La syphilis infectieuse au Canada : 2003-2012

RMTC

Volume 41-2, le 5 février 2015 : Infections transmissibles sexuellement et mois de la sensibilisation à la santé sexuelle

Surveillance

La syphilis infectieuse au Canada : 2003-2012

Totten S1,*, MacLean R1, Payne E1

Affiliation

1 Centre de la lutte contre les maladies transmissibles et les infections, Agence de la santé publique du Canada, Ottawa (Ontario)

Correspondance

Stephanie.Totten@phac-aspc.gc.ca

DOI

https://doi.org/10.14745/ccdr.v41i02a03f

Résumé

Contexte : Dans les années 1990, les taux de cas déclarés de syphilis infectieuse étaient relativement faibles et semblables chez les hommes et les femmes. En 2001, les taux ont commencé à augmenter, particulièrement chez les hommes.

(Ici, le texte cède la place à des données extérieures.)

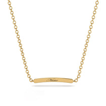 Display your name or showcase a meaningful word on a stunning Personalized Gold Bar Necklace! This gorgeous gold necklace pairs beautifully with everything in your closet; from summery tanks and tees to cozy cold-weather sweaters, it adds just the right finishing touch. Bar necklaces are one of the hottest accessories, offering simple, sleek styling and timeless appeal. They’re the perfect gift for yourself or that person who has just about everything – and they’re just right for any gift-giving occasion, including birthdays and holidays.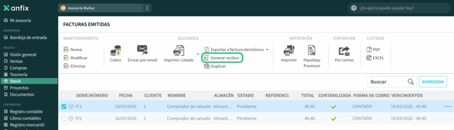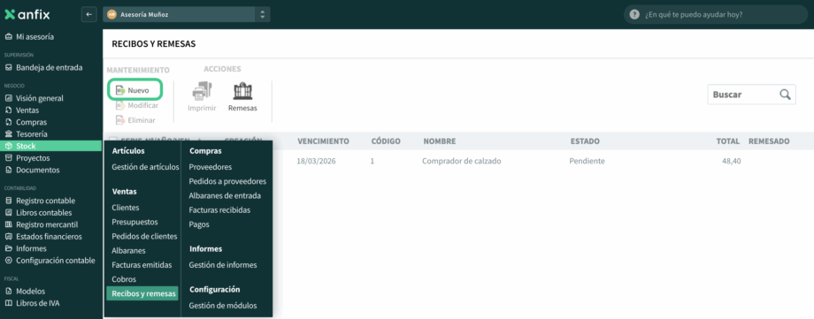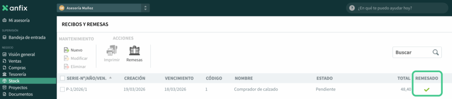 Una vez creados, los recibos aparecerán en Stock → Recibos y remesas. Desde ahí podrás modificarlos, eliminarlos o imprimirlos.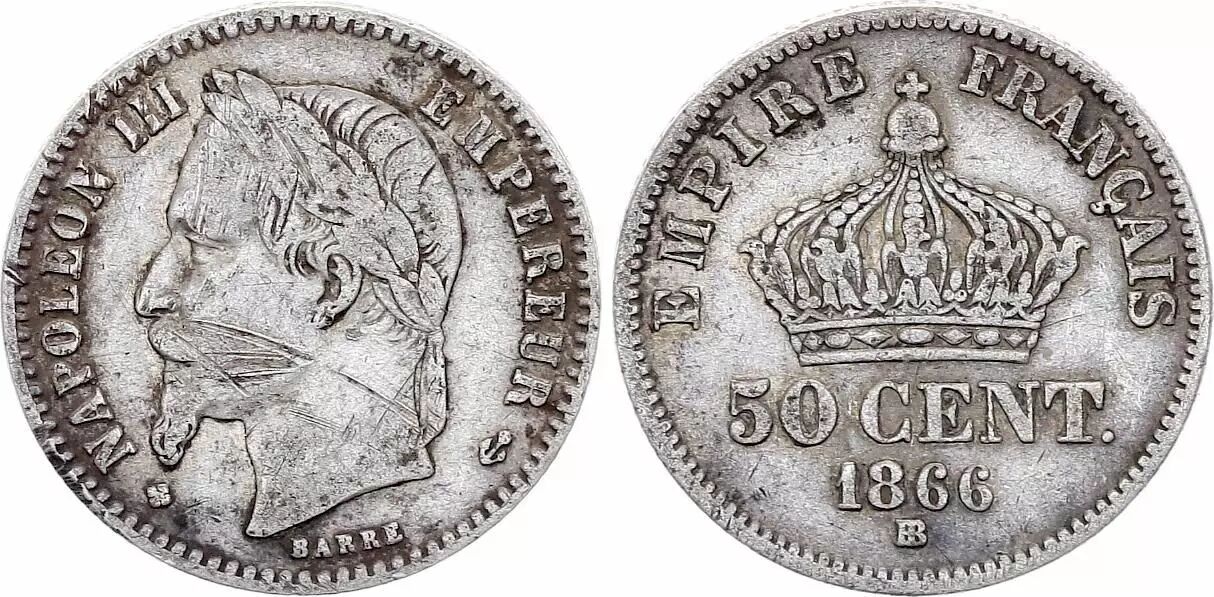Home > > France 50 Centimes Napoleon III Head Laurel - 1866 BB Strasbourg Silver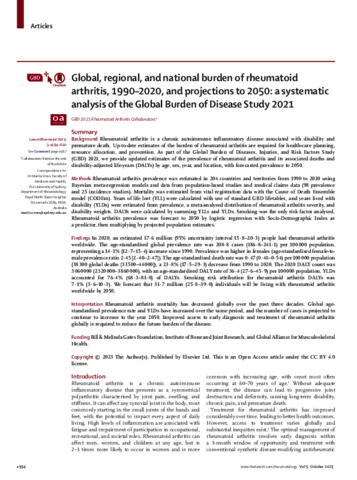 Black, R. J., Cross, M., Haile, L. M., Culbreth, G. T., Steinmetz, J. D., Hagins, H., Kopec, J. A., Brooks, P. M., Woolf, A. D., Ong, K. L., Kopansky-Giles, D. R., Dreinhoefer, K. E., Betteridge, N., Aali, A., Abbasifard, M., Abbasi-Kangevari, M., Abdurehman, A. M., Abedi, A., Abidi, H., Aboagye, R. G., Abolhassani, H., Abu-Gharbieh, E., Abu-Zaid, A., Adamu, K., Addo, I. Y., Adesina, M. A., Adnani, Q. E. S., Afzal, M. S., Ahmed, A., Aithala, J. P., Akhlaghdoust, M., Alemayehu, A., Alvand, S., Alvis-Zakzuk, N. J., Amu, H., Antony, B., Arabloo, J., Aravkin, A. Y., Arulappan, J., Ashraf, T., Athari, S. S., Azadnajafabad, S., Badawi, A., Baghcheghi, N., Baig, A. A., Balta, A. B., Banach, M., Banik, P. C., Barrow, A., Bashiri, A., Bearne, L. M., Bekele, A., Bensenor, I. M., Berhie, A. Y., Bhagavathula, A. S., Bhardwaj, P., Bhat, A. N., Bhojaraja, V. S., Bitaraf, S., Bodicha, B. B. A., Botelho, J. S., Briggs, A. M., Buchbinder, R., Castañeda-Orjuela, C. A., Charalampous, P., Chattu, V. K., Coberly, K., Cruz-Martins, N., Dadras, O., Dai, X., de Luca, K., Dessalegn, F. N., Dessie, G., Dhimal, M., Digesa, L. E., Diress, M., Doku, P. N., Edinur, H. A., Ekholuenetale, M., Elhadi, M., El-Sherbiny, Y. M., Etaee, F., Ezzeddini, R., Faghani, S., Filip, I., Fischer, F., Fukumoto, T., Ganesan, B., Gebremichael, M. A., Gerema, U., Getachew, M. E., Ghashghaee, A., Gill, T. K., Gupta, B., Gupta, S., Gupta, V. B., Gupta, V. K., Halwani, R., Hannan, M. A., Haque, S., Harlianto, N. I., Harorani, M., Hasaballah, A. I., Hassen, M. B., Hay, S. I., Hayat, K., Heidari, G., Hezam, K., Hill, C. L., Hiraike, Y., Horita, N., Hoveidaei, A. H., Hsiao, A. K., Hsieh, E., Hussain, S., Iavicoli, I., Ilic, I. M., Islam, S. M. S., Ismail, N. E., Iwagami, M., Jakovljevic, M., Jani, C. T., Jeganathan, J., Joseph, N., Kadashetti, V., Kandel, H., Kanko, T. K., Karaye, I. M., Khajuria, H., Khan, M. J., Khan, M. A., Khanali, J., Khatatbeh, M. M., Khubchandani, J., Kim, Y. J., Kisa, A., Kolahi, A.-A., Kompani, F., Koohestani, H. R., Koyanagi, A., Krishan, K., Kuddus, M., Kumar, N., Kuttikkattu, A., Larijani, B., Lim, S. S., Lo, J., Machado, V. S., Mahajan, P. B., Majeed, A., Malakan Rad, E., Malik, A. A., Mansournia, M. A., Mathews, E., Mendes, J. J., Mentis, A.-F. A., Mesregah, M. K., Mestrovic, T., Mirghaderi, S. P., Mirrakhimov, E. M., Misganaw, A., Mohamadkhani, A., Mohammed, S., Mokdad, A. H., Moniruzzaman, M., Montasir, A. A., Mulu, G. B., Murillo-Zamora, E., Murray, C. J. L., Mustafa, G., Naghavi, M., Nair, T. S., Naqvi, A. A. orcid id iconORCID: https://orcid.org/0000-0003-2637-0424, Natto, Z. S., Nayak, B. P., Neupane, S., Nguyen, C. T., Niazi, R. K., Nzoputam, O. J., Oh, I.-H., Okati-Aliabad, H., Okonji, O. C., Olufadewa, I. I., Owolabi, M. O., Pacheco-Barrios, K., Padubidri, J. R., Patel, J., Pathan, A. R., Pawar, S., Pedersini, P., Perianayagam, A., Petcu, I.-R., Qattea, I., Radfar, A., Rafiei, A., Rahman, M. H. U., Rahmanian, V., Rashedi, V., Rashidi, M.-M., Ratan, Z. A., Rawaf, S., Razeghinia, M. S., Redwan, E. M. M., Renzaho, A. M. N., Rezaei, N., Rezaei, N., Riad, A., Saad, A. M. A., Saddik, B., Saeed, U., Safary, A., Sahebazzamani, M., Sahebkar, A., Sahoo, H., Salek Farrokhi, A., Saqib, M. A. N., Seylani, A., Shahabi, S., Shaikh, M. A., Shashamo, B. B., Shetty, A., Shetty, J. K., Shigematsu, M., Shivarov, V., Shobeiri, P., Sibhat, M. M., Sinaei, E., Singh, A., Singh, J. A., Singh, P., Singh, S., Siraj, M. S., Skryabina, A. A., Slater, H., Smith, A. E., Solomon, Y., Soltani-Zangbar, M. S., Tabish, M., Tan, K.-K., Tat, N. Y., Tehrani-Banihashemi, A., Tharwat, S., Tovani-Palone, M. R., Tusa, B. S., Valadan Tahbaz, S., Valdez, P. R., Valizadeh, R., Vaziri, S., Vollset, S. E., Wu, A.-M., Yada, D. Y., Yehualashet, S. S., Yonemoto, N., You, Y., Yunusa, I., Zangiabadian, M., Zare, I., Zarrintan, A., Zhang, Z.-J., Zhong, C., Zoladl, M., Vos, T. and March, L. M. (2023) Global, regional, and national burden of rheumatoid arthritis, 1990–2020, and projections to 2050: a systematic analysis of the Global Burden of Disease Study 2021. The Lancet Rheumatology, 5 (10). e594-e610. ISSN 2665-9913 doi: 10.1016/S2665-9913(23)00211-4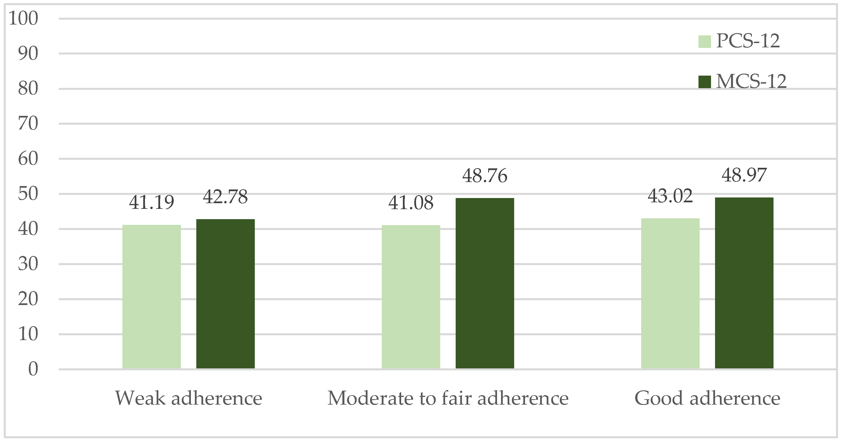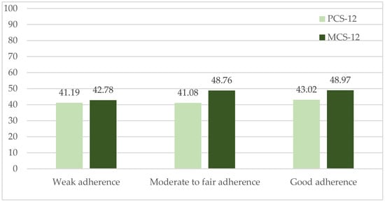 No differences were found in the quality-of-life scores for either dimension (PCS-12, p = 0.336; MCS-12, p = 0.166) according to the categories of good (n = 106), moderate (n = 167), and poor adherence (n = 12) to the Mediterranean diet (Figure 1).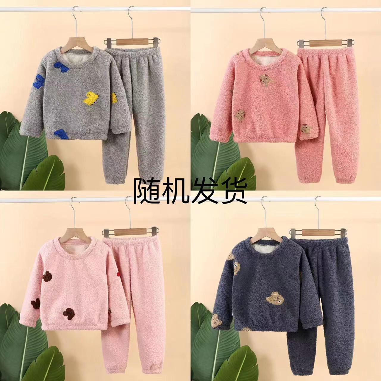 가을과 겨울 어린이 쌀 곡물 벨벳 잠옷 세트 어린이 겉옷 캐주얼 세트 중형 및 대형 어린이 겉옷 모피 홈웨어스토어 가기
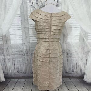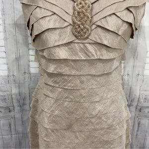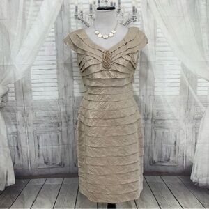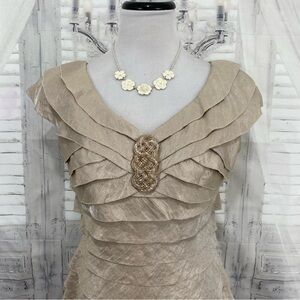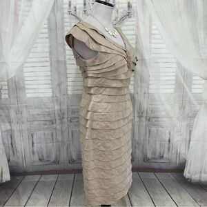 London Times Size 8 Cocktail Dress Tan Gold Layered Ruffle V Neck Sheath NWT

Objectif : Déterminer les tendances des cas déclarés de syphilis infectieuse au Canada, du 1er janvier 2003 au 31 décembre 2012.

Méthodologie : Les rapports sur les maladies à déclaration obligatoire ont été présentés à l'Agence de la santé publique du Canada par les unités épidémiologiques provinciales et territoriales et les données ont été résumées selon l'âge et le sexe.

Résultats : Les taux de cas déclarés de syphilis infectieuse ont augmenté de 101,0 % de 2003 à 2012, passant de 2,9 à 5,8 cas par 100 000 habitants. Au cours de cette période, les taux ont augmenté de 128,3 % chez les hommes et ont diminué de 40,9 % chez les femmes. Chez les hommes, les taux de syphilis infectieuse étaient plus élevés dans le groupe d'âge de 25 à 29 ans, alors que chez les femmes, ils étaient plus élevés dans le groupe d'âge de 20 à 24 ans.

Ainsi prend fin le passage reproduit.